LumP FGFR3 mut vs WT volcano

## Section 4 - gene set enrichment analysis (GSEA)
# this allows you to look for pathway-level changes, rather than having to google genes individually

# load MSigDB gene set
genesets = gmtPathways("c2.all.v2023.2.Hs.symbols.gmt")

# use pi values to rank genes from "most up" to "most down" in the comparison
prerank <- dds_results[c("symbol", "pi")]
prerank <- setNames(prerank$pi, prerank$symbol)
str(prerank)

# run fgsea
fgseaRes <- fgsea(pathways = genesets, stats = prerank, minSize=15, maxSize = 500)

# store top10 most enriched
# positive enrichment is "(relatively) up in the FGFR3 mutant tumours"
# negative enrichment is "(relatively) up in the FGFR3 wildtype tumours"
top10_fgseaRes <- head(fgseaRes[order(pval), ], 10)
top10_fgseaRes

# create bar chart of normalised enrichment scores (NES) for top10 hits
ggplot(top10_fgseaRes, aes(x = NES, y=reorder(pathway, -pval), fill = factor(sign(NES)))) + 
              geom_bar(stat = "identity", width = 0.8) +
              labs(title = "GSEA", x = "Normalised Enrichment Score (NES)", y = "Pathway") +
              theme_minimal(base_size = 16) +
              scale_fill_manual(values = c("#0754A2", "#B10029"), guide = "none") +
              scale_y_discrete(labels = function(x) gsub("^HALLMARK_", "", x)) +
              theme(axis.text = element_text(color = "black"),
                       axis.title = element_text(color = "black"),
                       panel.grid.major = element_blank(),
                       panel.grid.minor = element_blank())

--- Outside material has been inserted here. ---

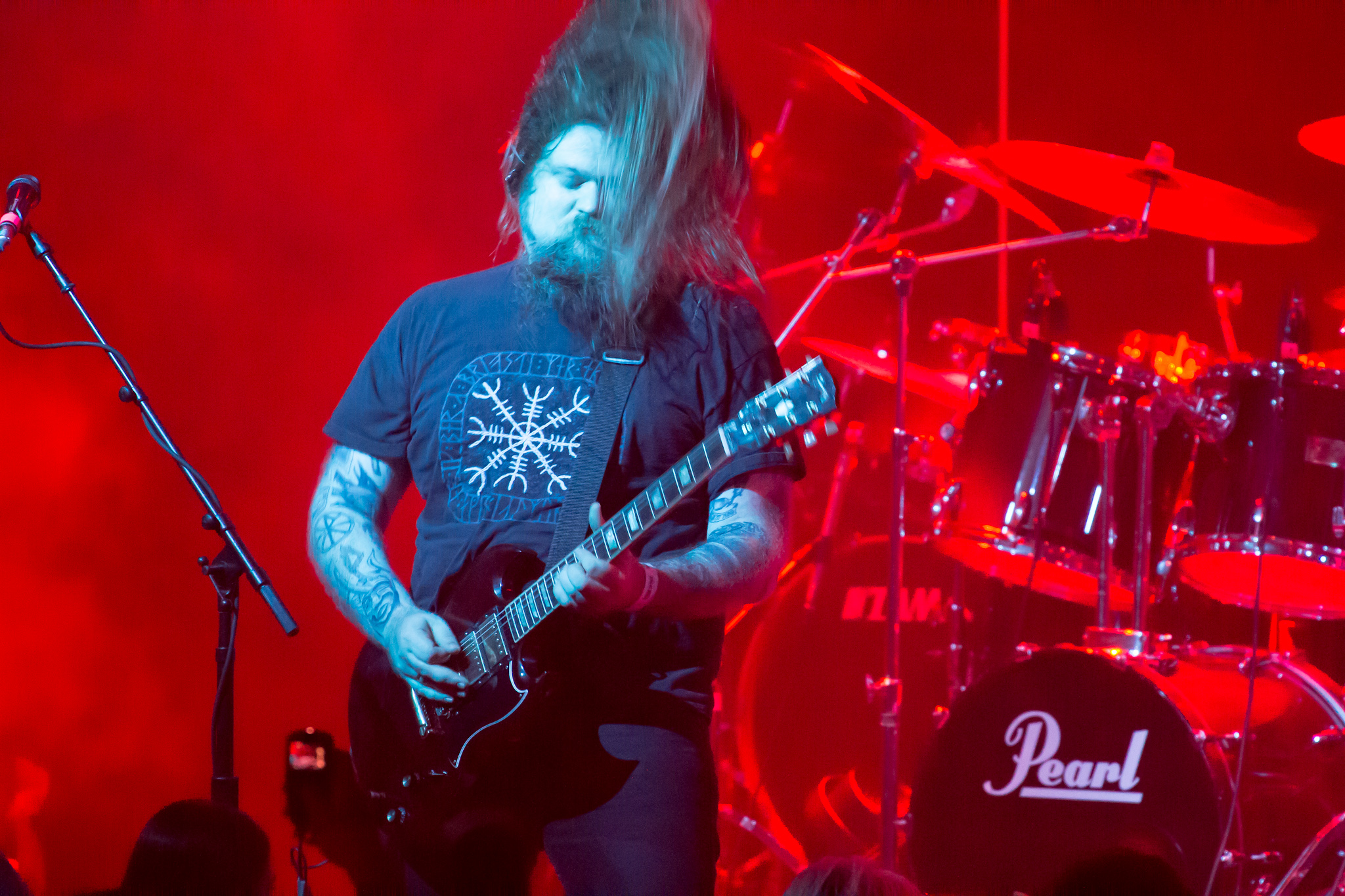 Enslaved playing on the "Barge to Hell" metal cruise in 2012

ggsave("LumP_FGFR3_MUTvsWT_top10_c2-GSEA.pdf", width=16, height=12)				   

# Done! Well. This is where the "so what does it mean?" begins

LumP FGFR3 mut vs WT top GSEA hits

A quick note on where these gene sets come from. These are submitted by the academic community as "signatures" of particular experimental set ups. This means a gene set name may make absolutely no sense in the context of your work - such as "therapeutics for SARS" as the top hit in a bladder cancer comparison. But, think what this actually means - this is (likely) a set of genes involved in immune response. The interpretation here is that FGFR3 wildtype tumours have a better immune response. This matches the literature as active FGF signalling (most mutations in FGFR3 are activating) causes immune cell exclusion.

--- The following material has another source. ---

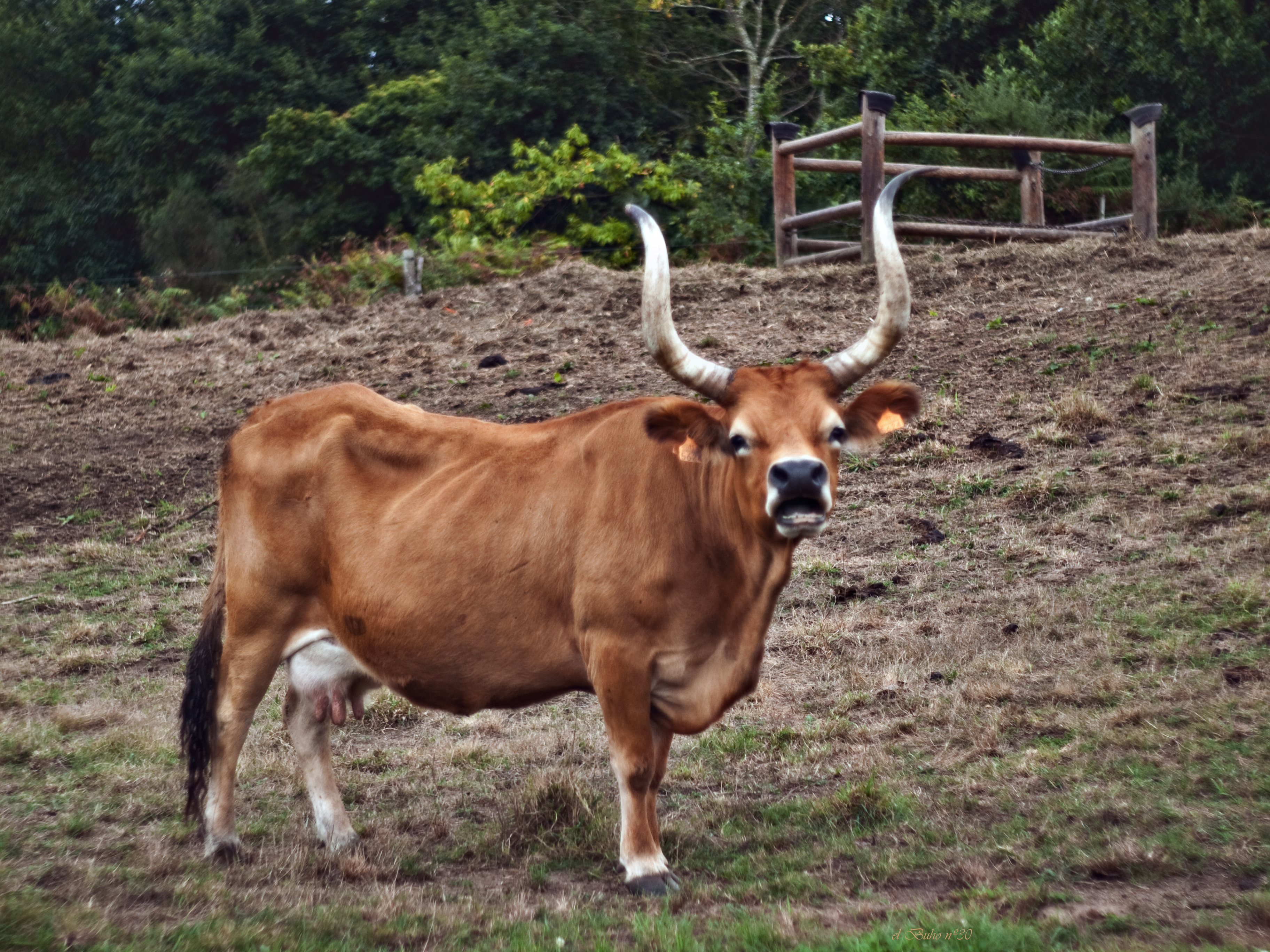 ♪ bad company ♪ - Bad Company galipedia, cachena wikipedia, cachena english wikipedia, cachena cattle

To explore these results, you can look at the leadingEdge column (these are the most significant hits from each gene set) and google the exact name of the pathway followed by "MSigDB" and you will find a webpage giving information on the paper/experiment used to create the gene list.

What now?

Excellent! Well done for getting to the end! This should be a page you keep coming back to during your project. Don't worry if you haven't understood it all - you'll be amazed how far you come this year. I'm looking forward to working with you and seeing what you find!